DEAR ABBY: I was laid off from work, but my husband, "Keith," works full-time in a factory. We live with his parents. By the time Keith gets home from work and gets cleaned up, it's time to eat dinner. Immediately afterward, we always follow the same routine: We go in our bedroom and he goes on the computer to play video games, while I sit and watch TV and play on my phone.
We love each other and rarely disagree about things, but this isn't fun for me. I have told Keith I feel ignored and I'd love to do something with him. He says because our town is smallish, there's not a lot to do that doesn't cost money.
Keith is into the video games, so much so that when we first met, he'd sit in his bedroom and play for hours on end. We're planning a vacation in the next month or so, so it's not like we do nothing at all.

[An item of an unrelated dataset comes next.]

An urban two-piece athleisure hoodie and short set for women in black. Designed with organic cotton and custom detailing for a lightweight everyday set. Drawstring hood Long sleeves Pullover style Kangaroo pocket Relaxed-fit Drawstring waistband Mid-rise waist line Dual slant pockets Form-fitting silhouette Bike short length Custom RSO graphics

But I don't know how to improve our situation. -- CALLING FOR HELP IN KOKOMO, IND.
DEAR CALLING FOR HELP: After a hard day's work, your husband may just want to sit down and relax. But that doesn't mean you couldn't schedule some activity together on a weekend -- hiking, skating, kayaking, going to an art show or seeing what's scheduled at the convention center. You could also make a date with other young married couples, or occasionally schedule a girls' night out with some of your female friends.
I agree that it's important for you and your husband not to get into a rut. That's why you need to budget so you can get out and have some fun together a few times a month.
DEAR ABBY: Several years ago I met "Holly," the love of my life. We married and had a child. Soon after our son's birth, I found out Holly had a boyfriend on the side. Our divorce was one of the most traumatic experiences of my life. Because of her instability, I was granted custody of our son.
Since the divorce I have developed an attraction to men. Is this normal after a nasty divorce? I never thought of myself as gay or bi until about a year afterward. I know that I never again want to experience the pain I went through.
I have been celibate now for almost four years, and I'm trying my best to set a good example for my son. I miss having someone to hold and share life with, but in the area where I live, having a gay relationship would cause me to lose my son. Any advice you can offer would be appreciated. -- IS THIS NORMAL? IN ARIZONA
DEAR NORMAL: It is important that you determine exactly who you are, whether it is a walking-wounded heterosexual, bisexual or homosexual. A licensed psychotherapist can help you with this, and do it in confidence.
Regardless of your sexual orientation, you should realize that when breakups happen between couples -- and that includes male/male, female/female and heterosexual -- there is usually heartbreak involved. However, without risk there can be no reward, and celibacy is not the answer. If it turns out that you are, indeed, gay, then you should consider relocating to a more gay-friendly area.